Set up Foursquare API credentials:

In [44]:
# foursquare credentials removed

# foursquare_data = {
#     'CLIENT_ID': XXXXXXXX,
#     'CLIENT_SECRET': XXXXXXXX,
#     'VERSION': XXXXXXXX
# }

foursquare_data = {
    'CLIENT_ID': 'RIVZK4U5WD5SX4O0T3RMTS13DVQ4MR1IQYEFDUJPQGMAZ1Z1',
    'CLIENT_SECRET': '33VRFUWUSDABHMSB4QTM5A41LSTWXN3ZOC3ZCSIPHY1NFRO2',
    'VERSION': 20190715
}

# Setup credentials
CLIENT_ID = foursquare_data['CLIENT_ID'] # Foursquare Client ID
CLIENT_SECRET = foursquare_data['CLIENT_SECRET'] # your Foursquare Secret
VERSION = foursquare_data['VERSION'] # Foursquare API version

List out all **train station** and **flower shops** locations using Foursquare API, we need to obtain the categoryId as specified in their documentation (https://developer.foursquare.com/docs/resources/categories)

In [45]:
# Global variables
# LIMIT: maximum number of records return by the API call
LIMIT = 100 

# Sydney location
syd_lat = -33.86785
syd_long = 151.20732

# Foursquare API 'categoryId' for train stations
train_cat_id = '4bf58dd8d48988d129951735'
flower_cat_id = '4bf58dd8d48988d11b951735'

Create a function to get all **venues** within a certain radius of a location.

In [46]:
# Function to get venue list
def get_venues(latitudes, longitudes, categoryId, radius):
    venues_list = []

    # create the API request URL
    url = 'https://api.foursquare.com/v2/venues/search?client_id={}&client_secret={}&v={}&ll={},{}&categoryId={}&radius={}&limit={}'.format(
            CLIENT_ID,
            CLIENT_SECRET,
            VERSION,
            syd_lat,
            syd_long,
            categoryId,
            radius,
            LIMIT)

    # make the GET request
    results = requests.get(url).json()['response']['venues']

    venues_list.append([(
                 v['name'], 
                 v['location']['lat'], 
                 v['location']['lng']) for v in results])

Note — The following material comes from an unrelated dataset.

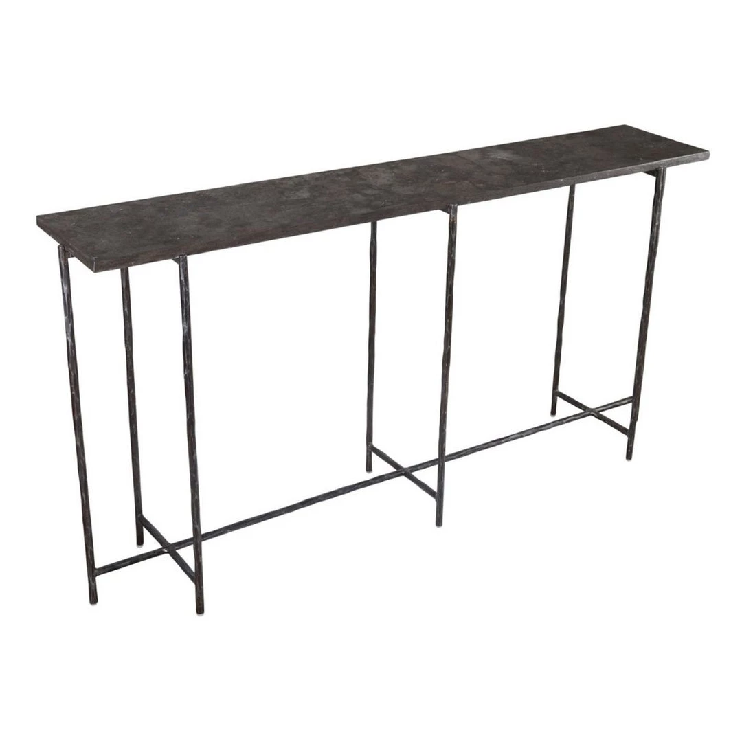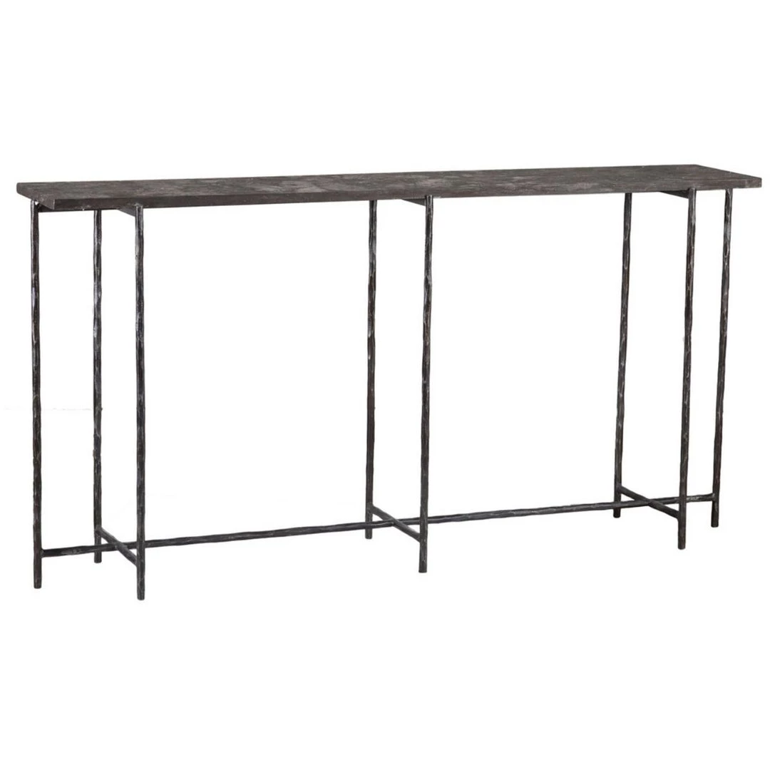 The South Barrington Console Table is a simple yet industrial console design. With its slender iron frame and blue stone top, this simple silhouette adds an industrial feel to your space. Also available in a smaller 35″W size.

    venues_df = pd.DataFrame([item for venue in venues_list for item in venue])
    venues_df.columns = ['Name', 
                      'Latitude', 
                      'Longitude']
    return(venues_df)

Create a list of all **train stations** within **50km** of **Sydney CBD**.

In [47]:
# distance from the Sydney CBD in meters. i.e. 50,000 = 50km
cbd_radius = 50000
stations_df = get_venues(syd_lat, syd_long, train_cat_id, cbd_radius)
stations_df.columns=['Name','Latitude','Longitude',]
stations_df.head()

Unnamed: 0,Name,Latitude,Longitude
0,Wynyard Station (Main Concourse),-33.865676,151.206163
1,Town Hall Station,-33.873644,151.206781
2,Town Hall Station (Main Concourse),-33.874051,151.20685
3,Ashfield Station,-33.887855,151.125538
4,Museum Station (Concourse),-33.8767,151.209732


Data cleaning to remove item with **Concourse**, **Platform** or **Interchange** in the station names, which represent facilities or locations of a train station.

In [48]:
# remove items with Concourse, Platform, Interchange in the name
stations_df = stations_df[~stations_df['Name'].str.contains('Concourse')]
stations_df = stations_df[~stations_df['Name'].str.contains('Platform')]
stations_df = stations_df[~stations_df['Name'].str.contains('Interchange')]
stations_df.head()

Unnamed: 0,Name,Latitude,Longitude
1,Town Hall Station,-33.873644,151.206781
3,Ashfield Station,-33.887855,151.125538
5,Kings Cross Station,-33.874495,151.222429
6,Fairfield Station,-33.872459,150.956831
7,Kogarah Station,-33.962524,151.132609


In [49]:
# print number of train stations
print('There are {} stations with 50km of Sydney CBD.'.format(stations_df.shape[0]))

There are 38 stations with 50km of Sydney CBD.


Create a list of all **flower shops** within **50km** of **Sydney CBD**.

In [50]:
# distance from the Sydney CBD in meters. i.e. 50,000 = 50km
cbd_radius = 50000
flower_shops_df = get_venues(syd_lat, syd_long, flower_cat_id, cbd_radius)
flower_shops_df.columns=['Name','Latitude','Longitude']
flower_shops_df.head()

Unnamed: 0,Name,Latitude,Longitude
0,Flowers On Martin Place,-33.8676,151.208
1,Colors On Stems,-33.772752,150.968903
2,Bubble Nini Tea,-33.88582,151.19912
3,Cuppa Flower,-33.902409,151.203652
4,Westflowers,-33.773892,150.696385


In [51]:
# print number of train stations
print('There are {} flower shops with 50km of Sydney CBD.'.format(flower_shops_df.shape[0]))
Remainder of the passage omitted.